The Hubble Tension as a Hint of Leptogenesis and Neutrino Mass Generation

TL;DR

This paper explores how a majoron, linked to neutrino mass models, can help resolve the Hubble tension by naturally producing dark radiation through low-scale leptogenesis, connecting neutrino physics with cosmological observations.

Contribution

It demonstrates that models of low-scale leptogenesis can generate primordial majorons that contribute to dark radiation, alleviating the Hubble tension without additional assumptions.

Findings

Majorons can damp neutrino free-streaming and increase energy density.

Leptogenesis models can produce primordial majorons from sterile neutrino decays.

Expected H0 value aligns with SH0ES measurements at about 10% probability.

Abstract

The majoron, a neutrinophilic pseudo-Goldstone boson conventionally arising in the context of neutrino mass models, can damp neutrino free-streaming and inject additional energy density into neutrinos prior to recombination.
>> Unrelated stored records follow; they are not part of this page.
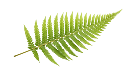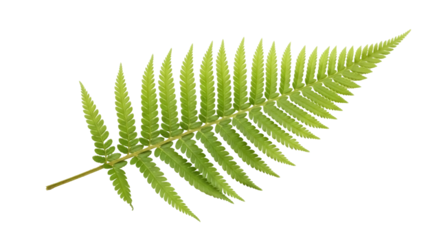 Isolated green fern frond is shown from above, a symbol of lushness and natural beauty
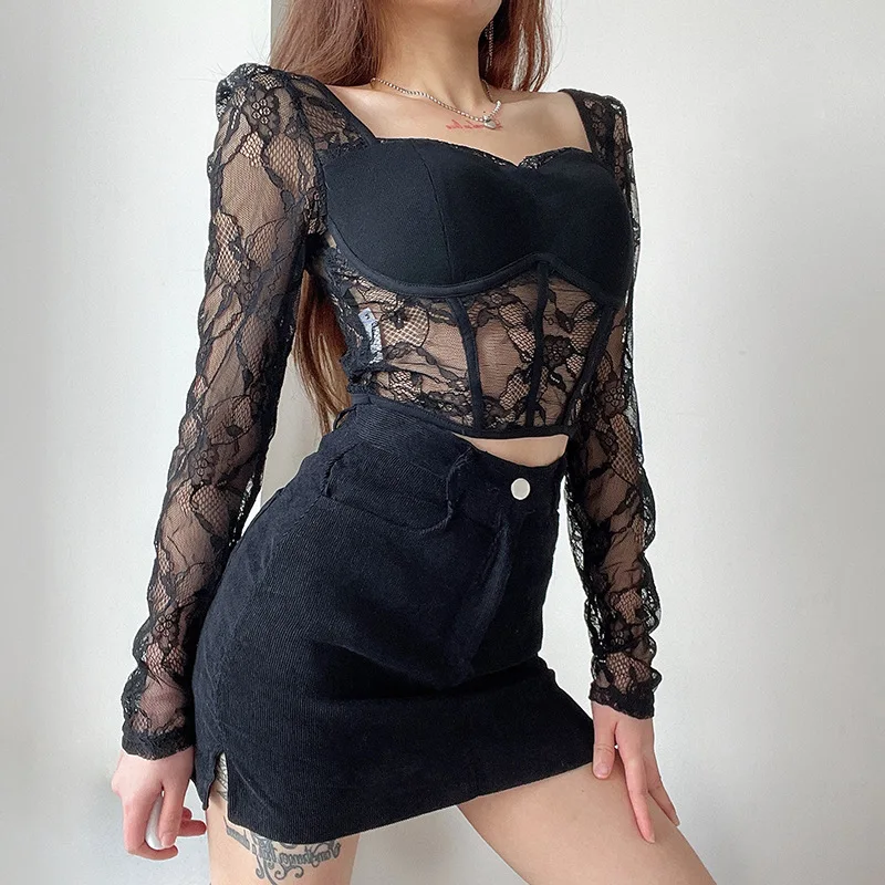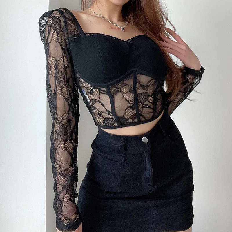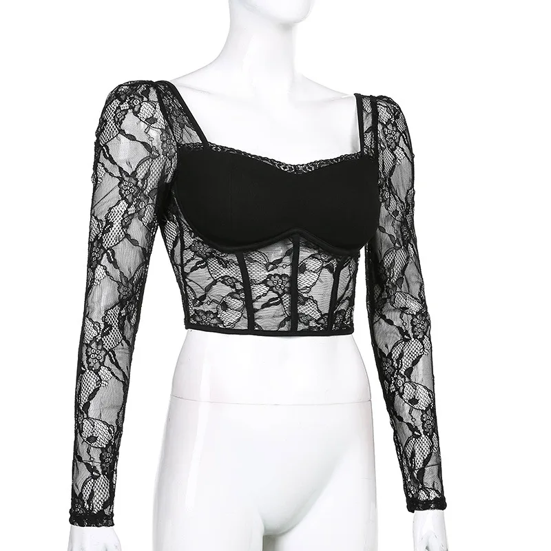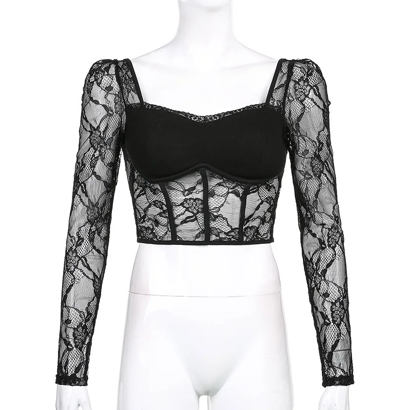 Топ женский сетчатый, с длинным рукавом, в готическом стиле
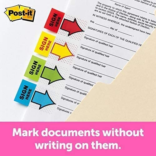 Plan, prioritize and personalize at work with Post-it Flags. These eye-catching, colorful flags can help keep you organized and stay productive. Use them to eliminate confusion when signatures are required or different areas that need to be reviewed. Post-it Flags are great to use for color coding and managing day-to-day tasks.
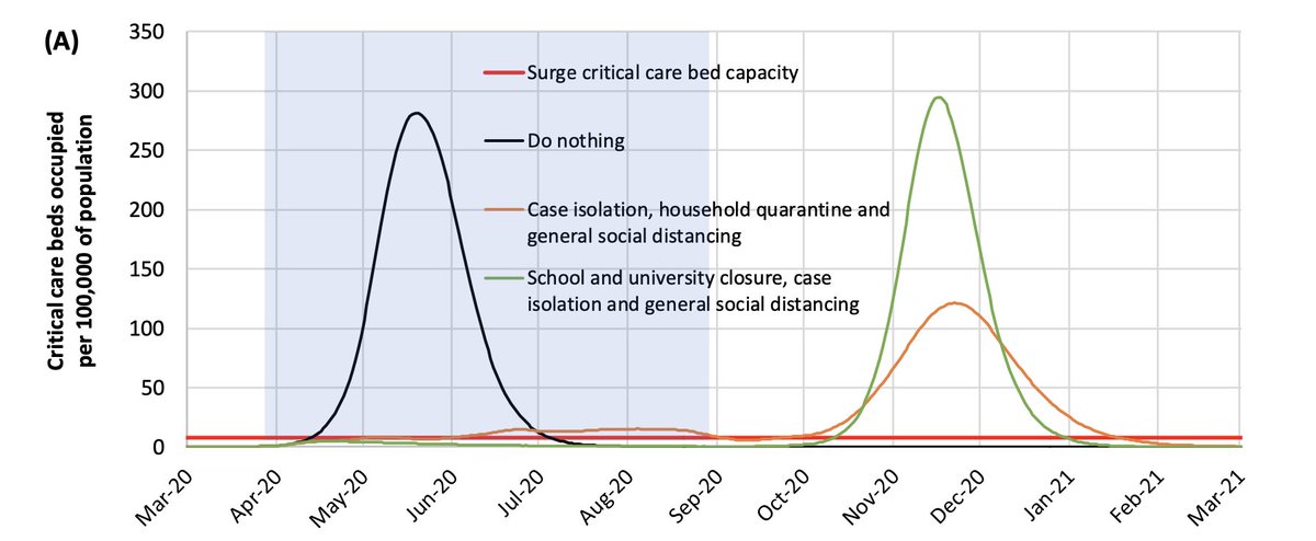 Eles propõem uma contenção por 5 meses e avaliam a reabertura, vejam a nova onda no inverno (linha laranja).
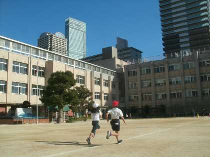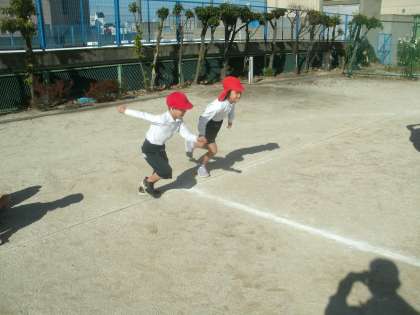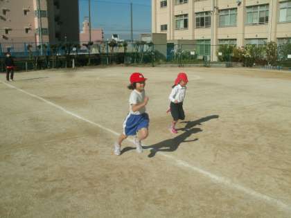 素晴らしい青空の下、1年生の子ども達が一生懸命走っています。

The combination of these effects for an eV-scale mass majoron has been shown to ameliorate the outstanding $H_0$ tension, however only if one introduces additional dark radiation at the level of $\Delta N_{\rm eff} \sim 0.5$. We show here that models of low-scale leptogenesis can naturally source this dark radiation by generating a primordial population of majorons from the decays of GeV-scale sterile neutrinos in the early Universe. Using a posterior predictive distribution conditioned on Planck2018+BAO data, we show that the value of $H_0$ observed by the SH$_0$ES collaboration is expected to occur at the level of $\sim 10\%$ in the primordial majoron cosmology (to be compared with $\sim 0.1\%$ in the case of $\Lambda$CDM). This insight provides an intriguing connection between the neutrino mass mechanism, the baryon asymmetry of the Universe, and the discrepant measurements of $H_0$.